Little-known Italy – RAVENNA

Coat of Arms of the City of Ravenna

Coat of Arms of Ravenna

A few miles south of Venice, in Emilia Romagna, the enterprising traveler will find the city of Ravenna. This city is easily bypassed, it is not on most tourist itineraries nor does it generally host internationally advertised events such La Biennale di Venezia or La Fiera di Milano. It is nevertheless a city of capital importance both artistically and historically. And it offers a glimpse of that urbanely unhurried Italian lifestyle that most people seek when they visit the country.

The beginnings of Ravenna are uncertain, though scholarly opinion inclines towards an Etruscan origin. The city was never conquered by the Romans, rather, it was accepted into the Republic as a federated town. Ravenna was an important outpost during the period of ascendancy of the Western Empire, becoming its capital in its twilight, just before the Empire’s fall to the German foederati chieftain, Odoacer. It was then the capital of the first Kingdom of Italy, and continued in this role after Theodoric slew Odoacer and took over his kingdom. Retaken eventually by the Byzantines, Ravenna became the seat of Byzantine power in Italy (the Exarchate of Ravenna), until the Byzantines’ final expulsion by the Longobards. Ravenna’s distinguished history continued under the popes, until its unification with the newly-minted Kingdom of Italy in 1861.

The art and monuments of Ravenna are equally compelling. Because of its preeminent role during the Byzantine period, Ravenna is a veritable treasure trove of Byzantine art, particularly mosaics. Spectacular samples are seen in the Neonian Baptistery, the Mausoleum of Gallia Placidia, the Basilica of Sant’ Apollinare in Classe, the Basilica of Sant’ Apollinare Nuovo, the Basilica of San Vitale, and in other venues. Other attractions to be visited are the Mausoleum of Theodoric, and the Tomb of Dante Alighieri.

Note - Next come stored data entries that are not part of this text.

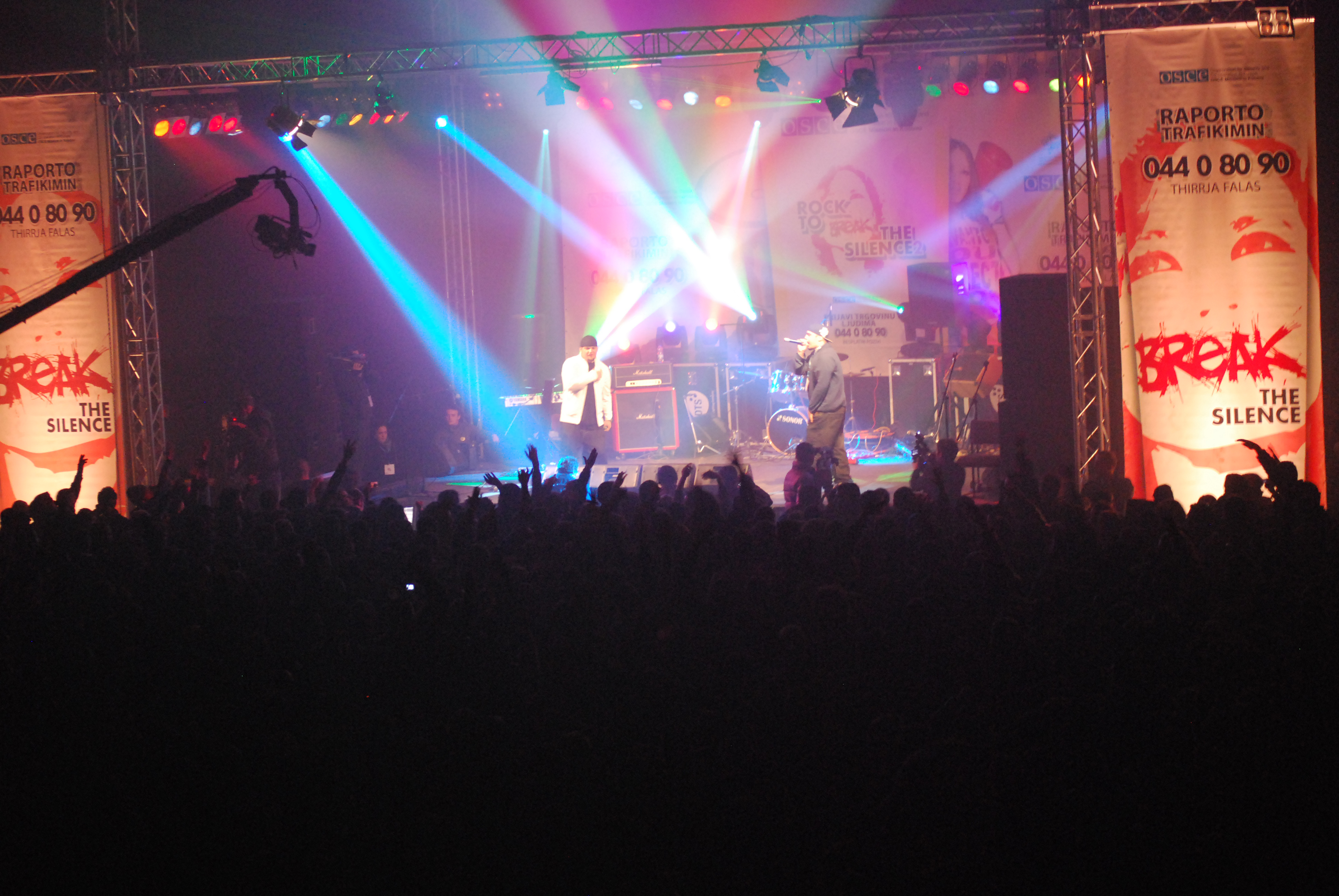 A band performs at a "Rock to break the silence 2! Report human trafficking!" concert to promote Kosovo's anti-trafficking helpline, Prishtine/Pristina, 10 December 2009.
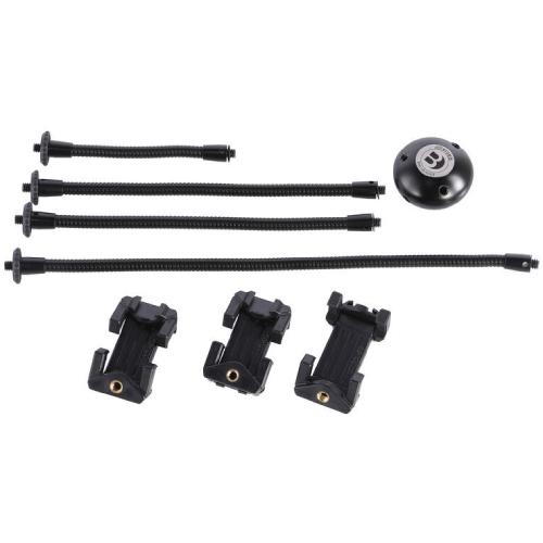 Benro MeVideo Livestream Accessory Expansion KitThe MeVIDEO Livestream Accessory Kit from Benro allows you to mount multiple devices or accessories at a central point, creating custom lighting and camera setups. Perfect for livestreaming, you can attach mobile phones, LED lights, audio gear, and more to stream across multiple platforms simultaneously. The kit includes four flexible arms in various lengths-one at 4", two at 8", and one at 12"-each with 1/4"-20 male threads on both ends. Easily adjust the flex arms to mount phones and accessories horisontally or vertically, enabling shooting in any orientation.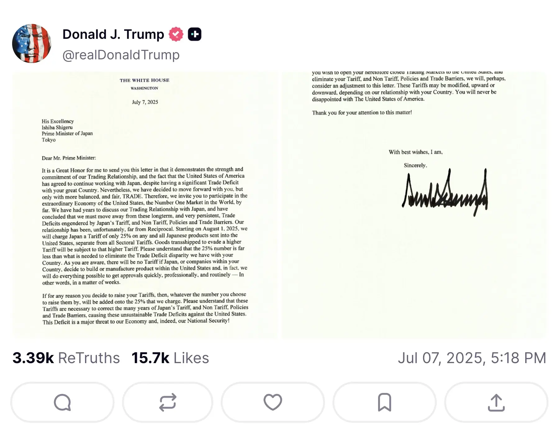 The letter, which the 79-year-old posted to Truth Social on July 7, announced the US would impose 25% tariffs on Japanese goods starting August 1.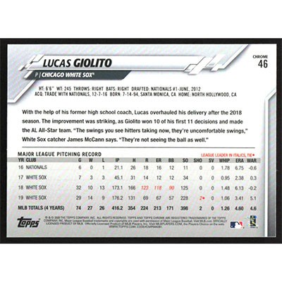 This is a 2020 Topps Chrome Ben Baller Lucas Giolito baseball card. The card is #46 and pictures show condition.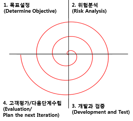 점증적 모델의 한 종류라고 할 수 있다. 계획 목표 설정, 위험분석, 개발, 검증 및 다음 단계 수립 순서대로 반복적으로 실행.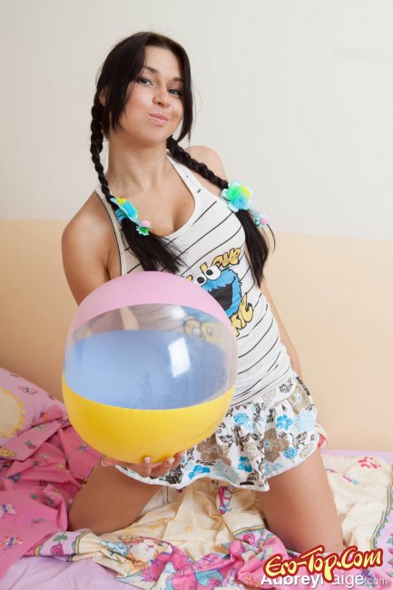 Молодая грудастая брюнетка заигрывает с фото камерой и с нами. Девушка с двумя милыми косичками медленно раздевается, сперва снимая майку, а затем и трусики под короткой юбочкой. Красавица показывает нам свой язычок, здоровые титечки, пышную попку и красивую киску. Очень зажигательная и озорная брюнетка!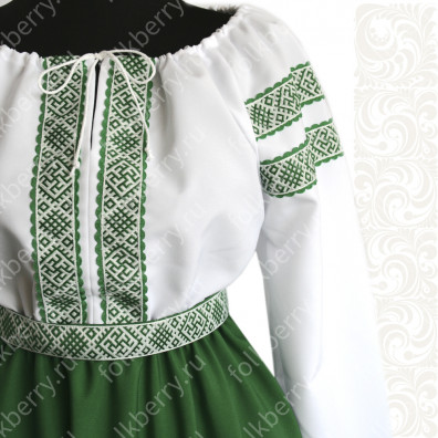 Платье «Дмитра» - современное прочтение славянских традиций. Платье четкого силуэта, чуть ниже колена, чистого яркого цвета. Платье отрезное по талии, длинный рукав-реглан, регулируемая горловина, юбка "почти солнце", с поясом. Для платья подобран эффектный декор -  солярные славянские знаки.  Платье сшито из габардина, ткани, которая не блестит и не мнется, всегда выглядит аккуратно, ярко, празднично, романтично.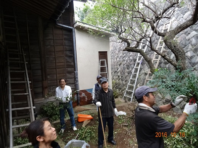 御会式の翌日、片付けに続いて境内の掃除を行いました。本堂裏の崖草刈り・梅の枝切り・排水溝の掃除…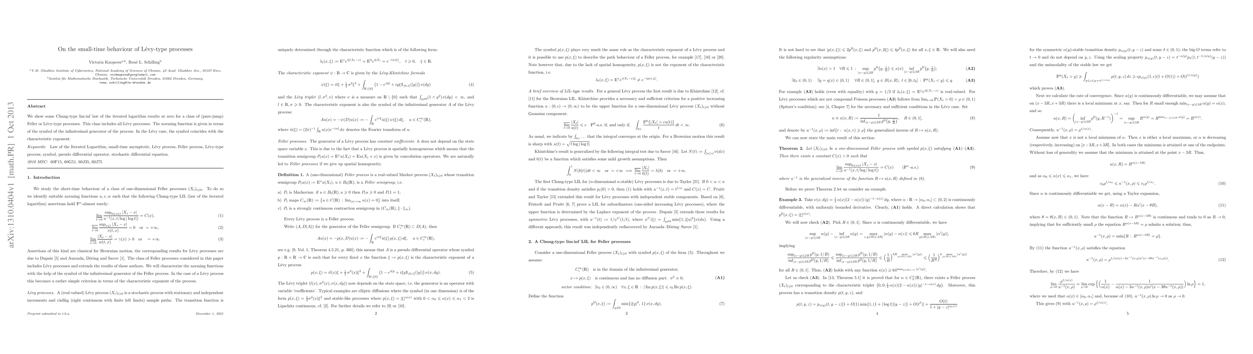 We show some Chung-type $\liminf$ law of the iterated logarithm results at zero for a class of (pure-jump) Feller or L\'evy-type processes. This class includes all L\'evy processes. The norming function is given in terms of the symbol of the infinitesimal generator of the process. In the L\'evy case, the symbol coincides with the characteristic exponent.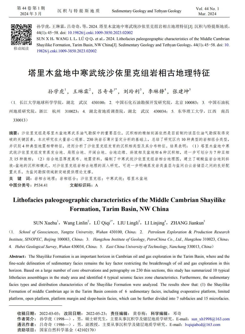 公司硕士生孙学虎在《沉积与特提斯地质》上发表了题为“塔里木盆地中寒武统沙依里克组岩相古地理特征”的研究论文,采用岩相学、沉积学的方法,分析了塔塔里木盆地沙依里克组岩相古地理过程。英国365集团公司官网为论文第一署名单位,孙学虎为第一作者,导师吕奇奇副教授为通讯作者。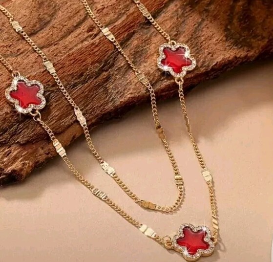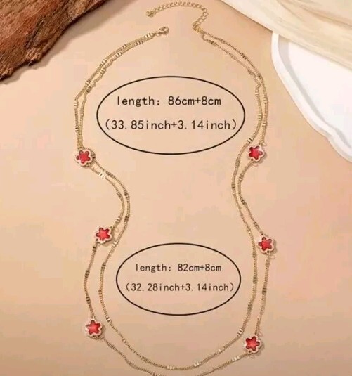 This stunning necklace features a beautiful floral clover pendant that is sure to catch the eye. The necklace is made of 14k gold plated alloy and has a lobster closure for easy wear, and is perfect for a range of occasions, The necklace is 86cm in length and has an adjustable feature for added comfort. Its double layered style adds a touch of elegance, while the gold colour gives it a timeless appeal. Each item comes in a thank you bag and wrapped individually in coloured tissue paper and sealed in a bubble wrap envelope. All orders dispatched the same day Monday to Saturday, using Royal mail 2nd class delivery 3-5 working days estimated delivary time. Happy Shopping Thank you Opulent-Aura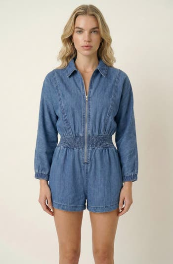 Crafted in a soft denim-inspired fabric, this zip front romper offers a flattering and comfortable silhouette with its smocked waistband and 3/4 elastic cuff sleeves. The structured collar adds a hint of utility style, while the subtle wash and streamlined shape make it a versatile staple for casual daywear or effortless weekend outings.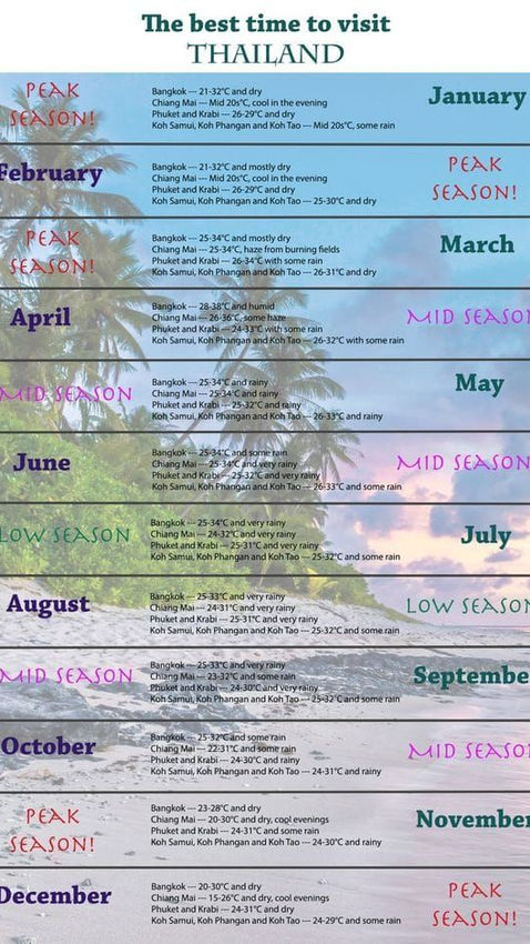 The hot season runs from March through to June, with April and May the hottest months of the year. Monsoon season in Phuket normally runs from June thru October and November is a little rain shower. The cool season is start from December to February and will still feel hot to most visitors. Anyhow, the weather in Phuket is sometimes unstable.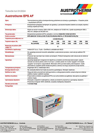 Tehnički list Austrotherm EPS AF PLUS (BiH)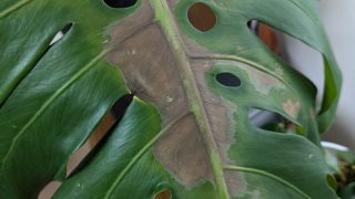 モンステラに水をあげるために ベランダに出したら 日光の強さに 日焼けしてしまい こんな状態になってしまった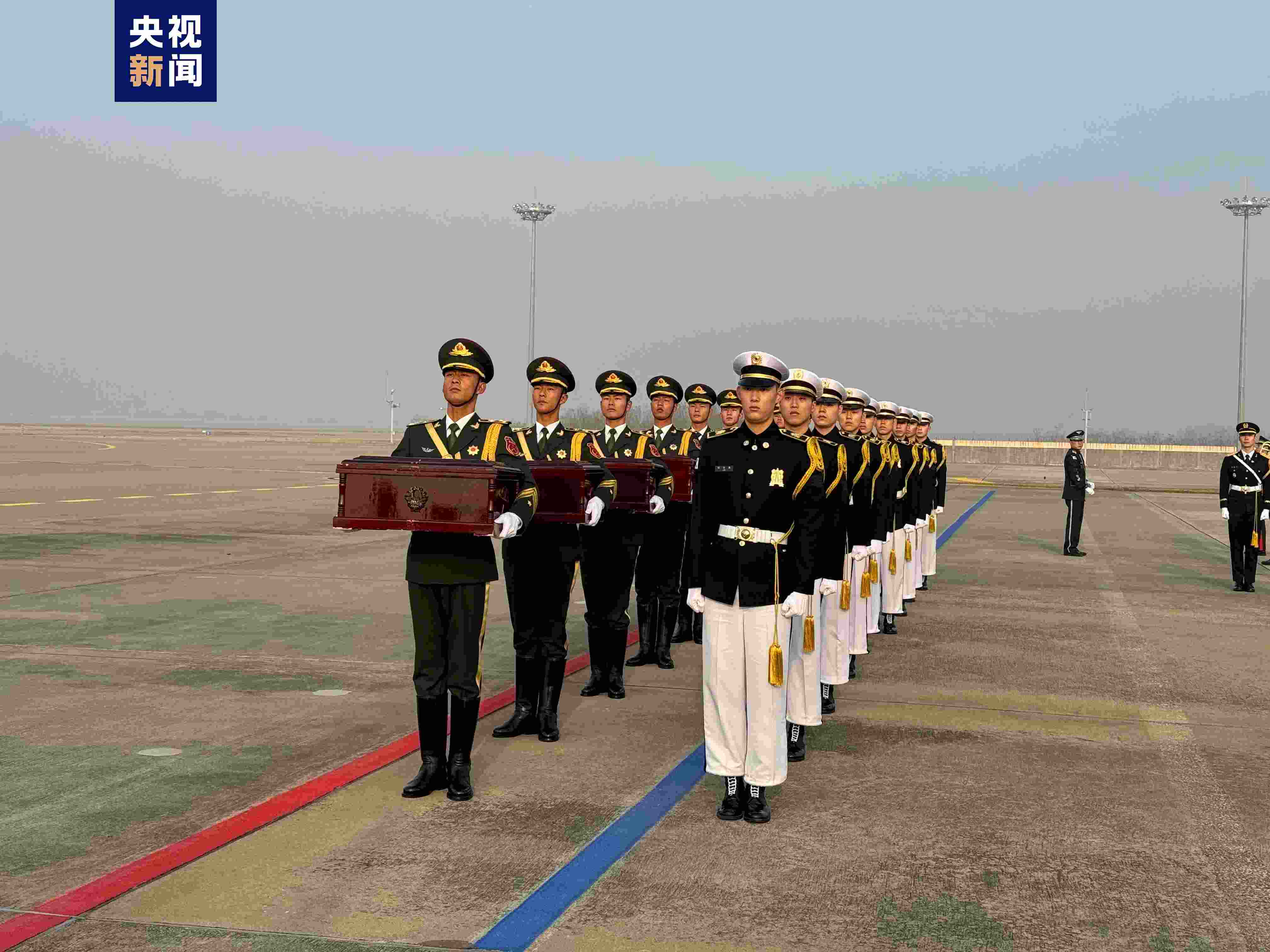當?shù)貢r間23日上午,中韓雙方在韓國仁川國際機場舉行第十批在韓中國人民志愿軍烈士遺骸及遺物交接儀式。此次韓方共向中方移交25名中國人民志愿軍烈士遺骸及335件遺物,交接儀式后烈士遺骸將搭乘中國空軍運-20專機返回祖國。

The Ravenna of today is a lovely city generally free of the urban ills that afflict larger cities in Italy and elsewhere. Its compact size and relative lack of motorized traffic makes it perfect for walking tours. Its cuisine is the cuisine of Romagna, that is to say, among the best in Italy. It should be a priority for the sophisticated traveler who has exhausted the better-known treasures of Rome, Venice, and Florence.